New datasets, including open ones, offer economists and policy-makers a chance to understand better how people are consuming goods and services in real time. The greater the variety of data—and the more frequently it is updated—the more accurate the picture can be for those looking to understand how inflation is being experienced.

Statistics offices on the forefront of new inflation data

New Zealand has been studying how to collect and use price information from new sources and is developing a new framework to integrate and calculate inflation. They point out that these new data sources can clearly give a close-to full coverage of products compared to more traditional frameworks. Supermarket scanner data, collected in co-operation with New Zealand businesses, also provides an almost real-time picture of substitutions that consumers are making on a daily basis.

Similarly, the UK Office for National Statistics (ONS) has ambitious plans to leverage new sources of data to produce aggregate measures of consumer-price statistics by January 2023, also looking to source web-scrapped pricing and scanner data from retailers. For web-scraped data, the ONS plans to work with pricing data scraped by a third-party data collector, MySupermarket, and has developed relationships with various retailers to collect data on consumer purchases.

The role of open data and “data spaces”

Many of the datasets, particularly on consumer-consumption patterns, are not traditionally associated with open-data portals. Companies that rely on sales are reticent about sharing information about their customers, given concerns around data privacy and commercial confidentiality. This is not to say, however, that open-data portals do not already have access to valuable data sets that can help economists and policymakers to better understand inflation.

One important component of the basket of goods are government-provided goods and services. This can include, for example, information on public transportation. Here, Bordeaux Métropole in France collects point of sale information on transport tickets. At the same time, web scraped pricing data could also be provided online as an open-data source, and already exists on as indices using web scraped price data in the United Kingdom.

Getting a complete picture of inflation for statistics offices will likely require co-operation between data providers of both open and closed data. This is where the European Union’s framework for data spaces—a topic addressed in a recent webinar on—can help facilitate co-operation.

A potential way forward for the eurozone?
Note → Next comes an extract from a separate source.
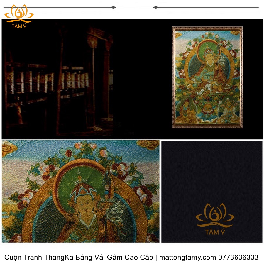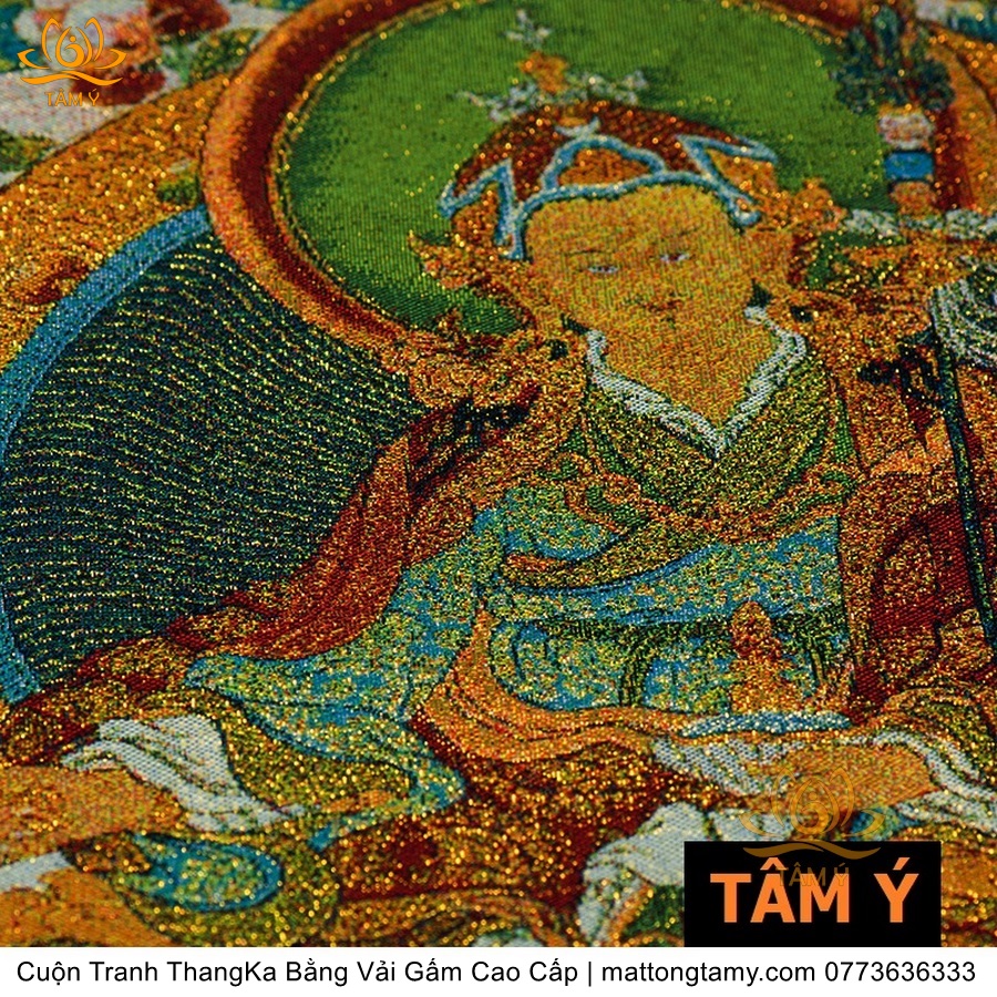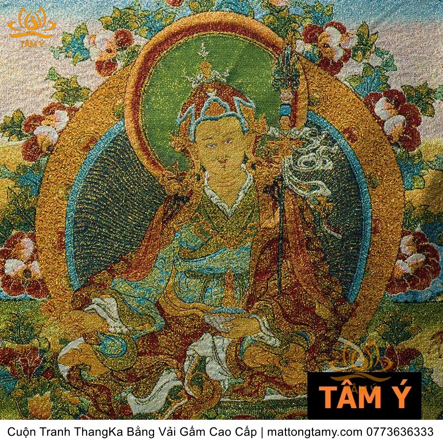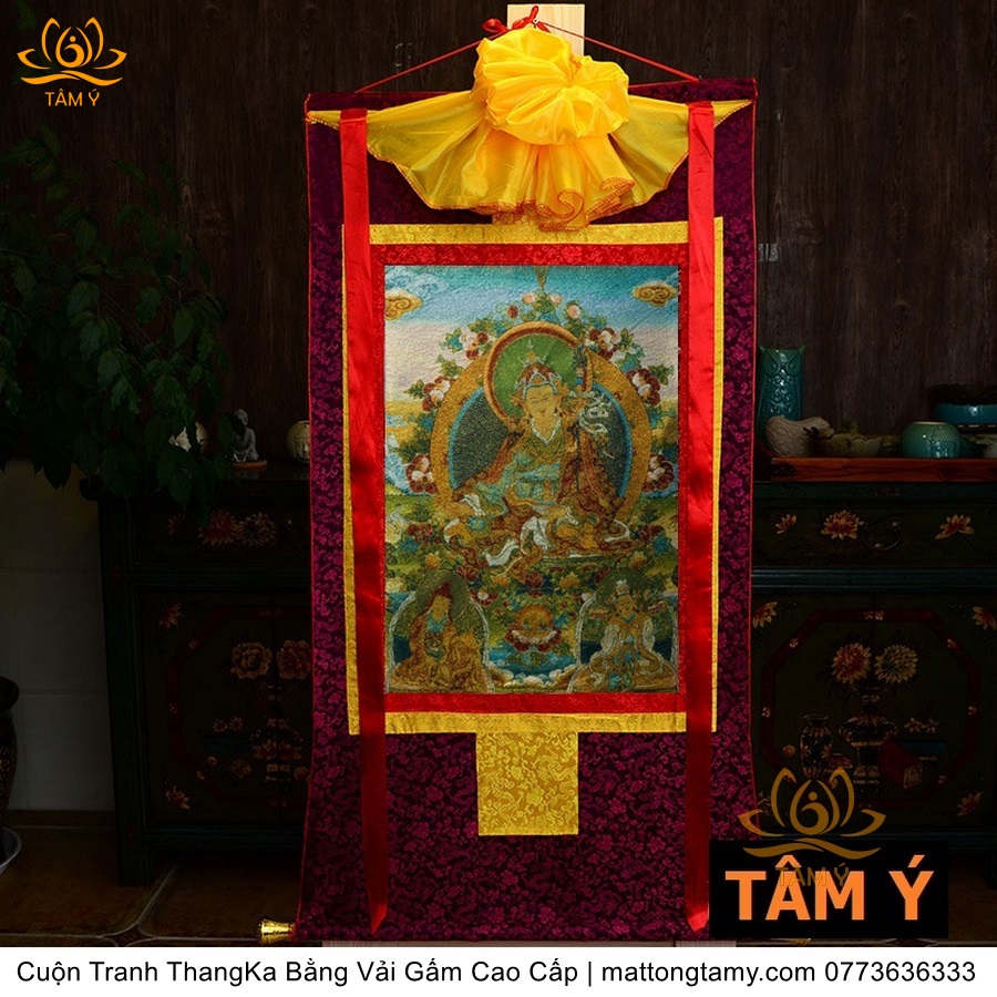 Cuộn Tranh ThangKa Phật Liên Hoa Sinh Bằng Vải Gấm Cao Cấp Kiểu 5, TCT16

Assuming that data collectors can co-operate to provide the right data ecosystem to bring a more accurate picture of inflation, economists and policy-makers still face challenges dealing with a more nuanced and much larger dataset. New measuring methods need to account for large volumes of data and high product churn. New index calculation methods need to understand how to automatically adapt to changes of quality, the appearance of new services, or the rapid swinging of seasonal product prices such as vegetables and fruits.

Ultimately, these new data sources can lead to an unlimited number of baskets for goods and services, covering all kinds of products for all kinds of consumers. The wider coverage of this data also implies the inclusion of information conceptually out of the scope of normal inflation indexes (such as businesses expenditures).

Nonetheless, these methodological challenges, once resolved, can lead to potentially huge benefits for a better understanding of inflation and open-data portals have an important voice in the development of this new data ecosystem that could better measure inflation.


[1] Under “food”, for example, one can find the sub-category “meat” and then the price of different types of meat: from beef to lamb, to edible offal.